**What you need to do**
Transcribe the listing word for word, beginning at its first line and ending at the line containing "Electromagnetic induction relays"; omit the pictures.

**Data shown**
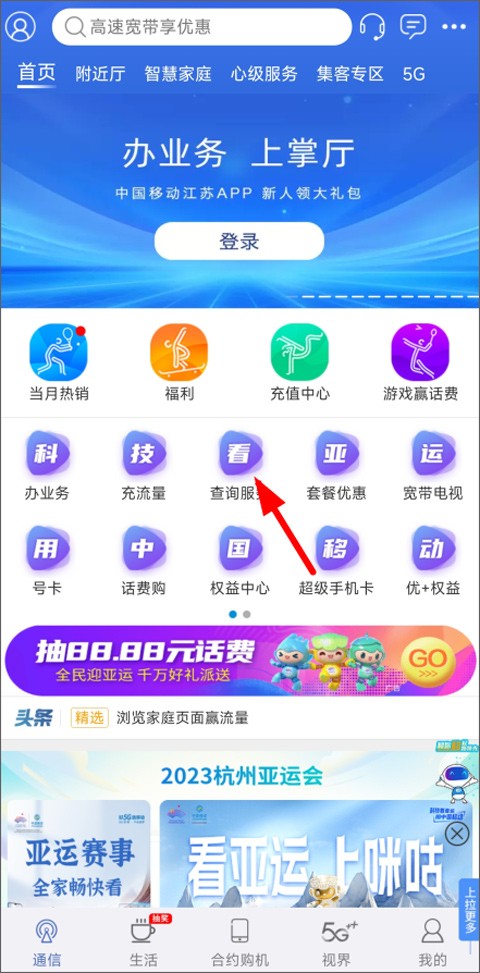 1、用户登录app后,进入通信首页,在功能栏中找到查询业务;
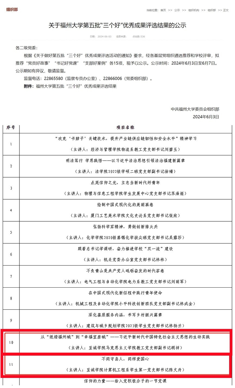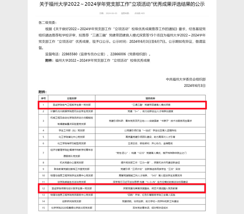 日前,av在线 党委公示《av在线 第五批“三个好”优秀成果评选结果》和《av在线 2022~2024学年党支部工作“立项活动”优秀成果评选结果》,av在线 有4项成果入选优秀成果,是历年来最好成绩。
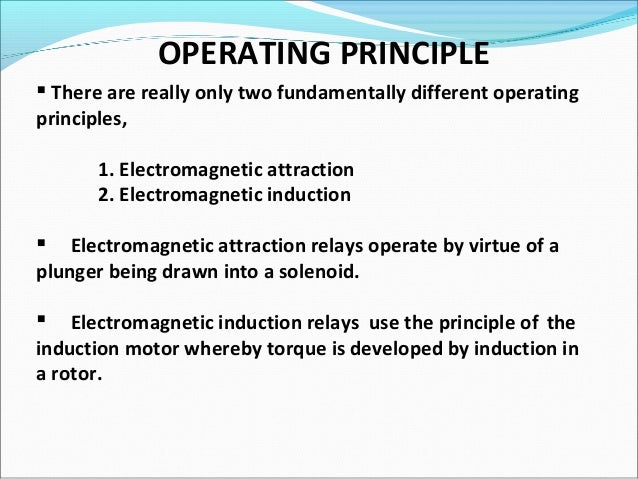 Electromagnetic induction relays operate on the principle of the induction motor and are widely used for protective relaying purposes involving a.c. When the net current in the operating coil is not zero, the relay trips. It consists of a set of input terminals for a single or multiple control signals, and a set of operating contact terminals. There are instances when you don't want. Relay operating principles may be based upon detecting these changes, and identifying the changes with the possibility that a fault may exist inside its assigned zone of protection.
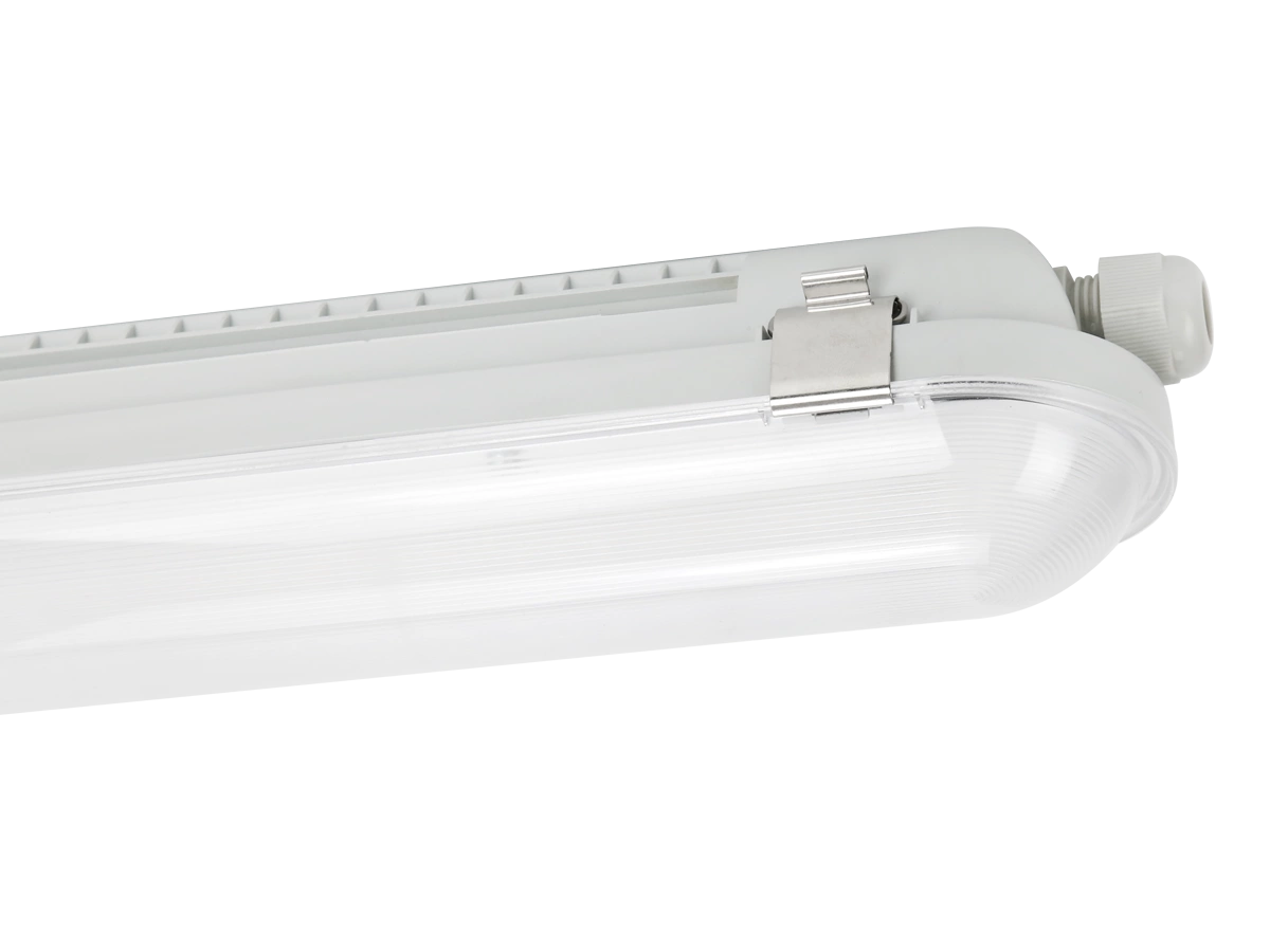 RANGER to seria nowoczesnych, hermetycznych opraw LED zaprojektowanych z myślą o wymagających środowiskach przemysłowych i komercyjnych. Charakteryzują się wysoką skutecznością świetlną na poziomie 150-180 lm/W oraz imponującą żywotnością wynoszącą 100 000 godzin. Dzięki szerokiemu zakresowi mocy od 10 do 80 W oraz dostępności modeli o długości 120 i 150 cm, produkty te umożliwiają precyzyjne dopasowanie do indywidualnych potrzeb użytkownika. W serii RANGER dostępne są wersje o barwie światła 4000K, a także modele z regulacją temperatury barwowej w zakresie 3000K, 4000K i 5000K. Oprawy oferują strumień świetlny od 7200 do 14400 lm oraz kąt rozsyłu światła wynoszący 120°, co gwarantuje równomierne oświetlenie dużych powierzchni. Dzięki wysokiemu stopniowi szczelności IP66 produkty są odporne na działanie pyłu i wody, co czyni je doskonałym wyborem do pracy w trudnych warunkach. Oprawy mogą funkcjonować w szerokim zakresie temperatur od -25°C do +45°C i oferują możliwość linkowania, co ułatwia tworzenie ciągów świetlnych. Wybrane modele wyposażone są w nowoczesne czujniki MC137D B, które wspierają zaawansowane funkcje, takie jak: Trójstopniowe ściemnianie, co umożliwia efektywne zarządzanie energią. Precyzyjna detekcja ruchu na bazie mikrofal o częstotliwości 5,8 GHz, odporna na wpływ warunków takich jak temperatura, wilgotność, czy kurz. Możliwość regulacji zdalnej i za pomocą przełączników DIP, pozwalająca na dostosowanie parametrów do indywidualnych wymagań. Maksymalna wysokość instalacji do 6 m z optymalnym działaniem na 3 m. Dzięki integracji z czujnikami seria RANGER zapewnia jeszcze większą funkcjonalność, łącząc wysoką wydajność świetlną z zaawansowanymi możliwościami automatyzacji i oszczędności energii. Wszystkie produkty z serii objęte są pięcioletnią gwarancją, co stanowi potwierdzenie ich niezawodności i wysokiej jakości. RANGER to uniwersalne rozwiązanie, które doskonale sprawdza się zarówno w magazynach, halach produkcyjnych, jak i w przestrzeniach zewnętrznych. Łączy w sobie wydajność, trwałość oraz estetykę, oferując oświetlenie dopasowane do najbardziej wymagających zastosowań.
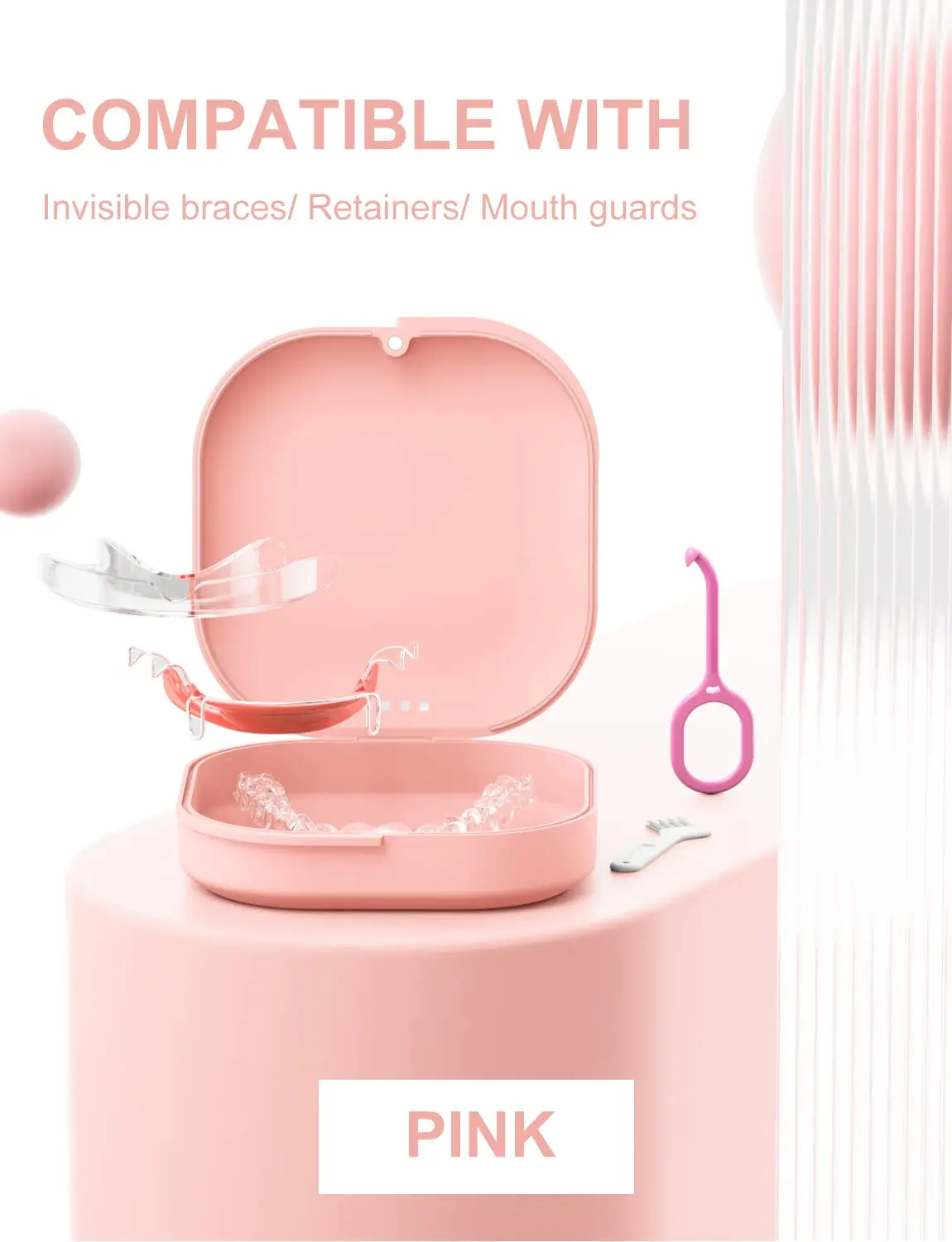 The built-in magnetic closure provides a secure and reliable seal, preventing accidental openings and keeping your aligners safe and protected. We’ve also included a convenient retainer removal tool to help you easily and hygienically remove your aligners. A cleaning brush is also included for keeping your appliances fresh. The sleek and stylish pink color adds a touch of personality to your oral care routine. This little case is the perfect cute home for all of your retainers and aligners. It is light and small and easy to carry!
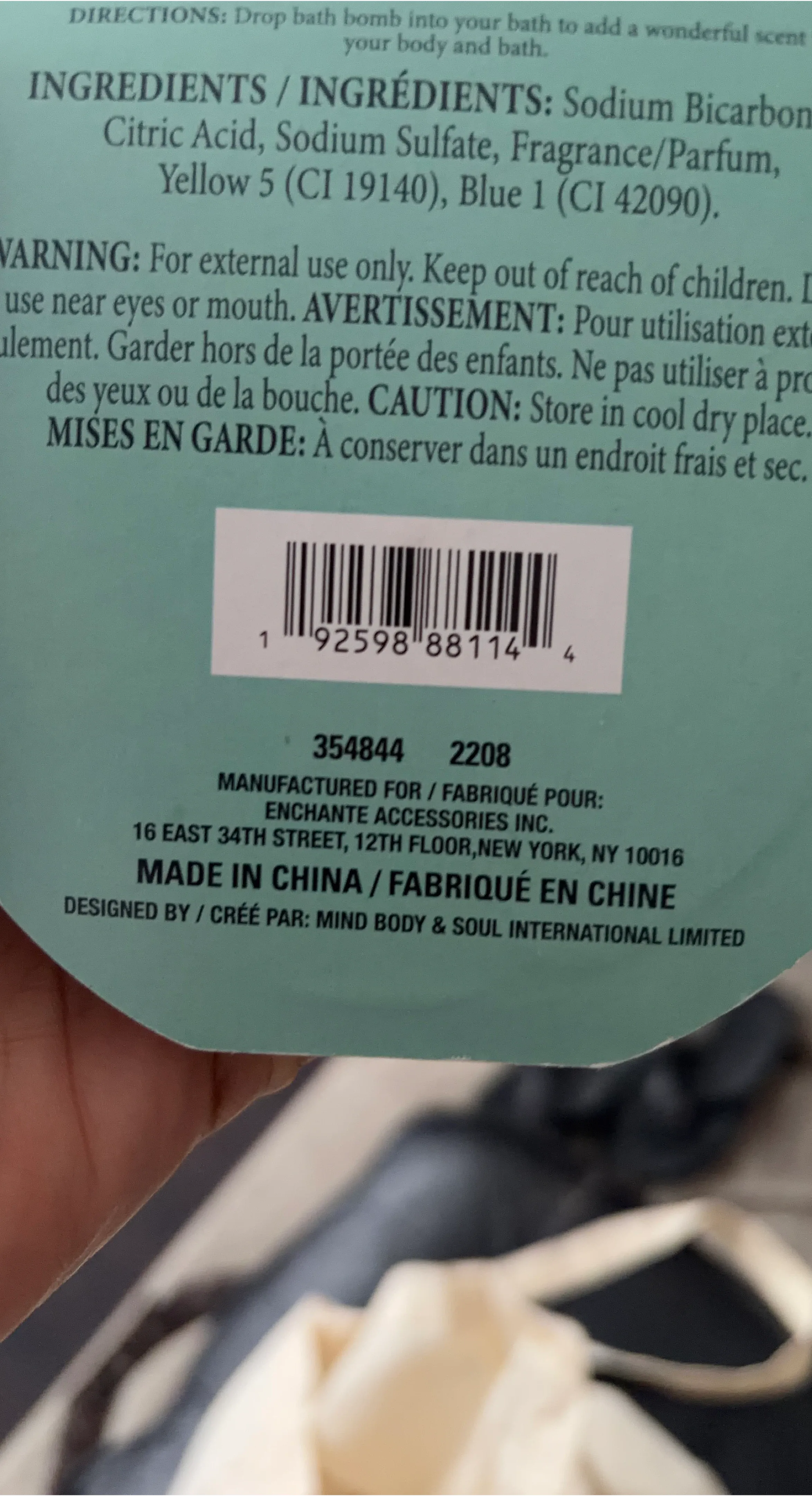 Drop bath bomb into your bath to add a wonderful scent to your body and bath. It's made with Citric Acid, Sodium Sulfate, Fragrance/Parfum, Yellow 5, and Blue 1. Keep out of reach of children and store in a cool, dry place.

**Exercise response**
 1、用户登录app后,进入通信首页,在功能栏中找到查询业务;
 日前,av在线 党委公示《av在线 第五批“三个好”优秀成果评选结果》和《av在线 2022~2024学年党支部工作“立项活动”优秀成果评选结果》,av在线 有4项成果入选优秀成果,是历年来最好成绩。
 Electromagnetic induction relays operate on the principle of the induction motor and are widely used for protective relaying purposes involving a.c. When the net current in the operating coil is not zero, the relay trips. It consists of a set of input terminals for a single or multiple control signals, and a set of operating contact terminals. There are instances when you don't want. Relay operating principles may be based upon detecting these changes, and identifying the changes with the possibility that a fault may exist inside its assigned zone of protection.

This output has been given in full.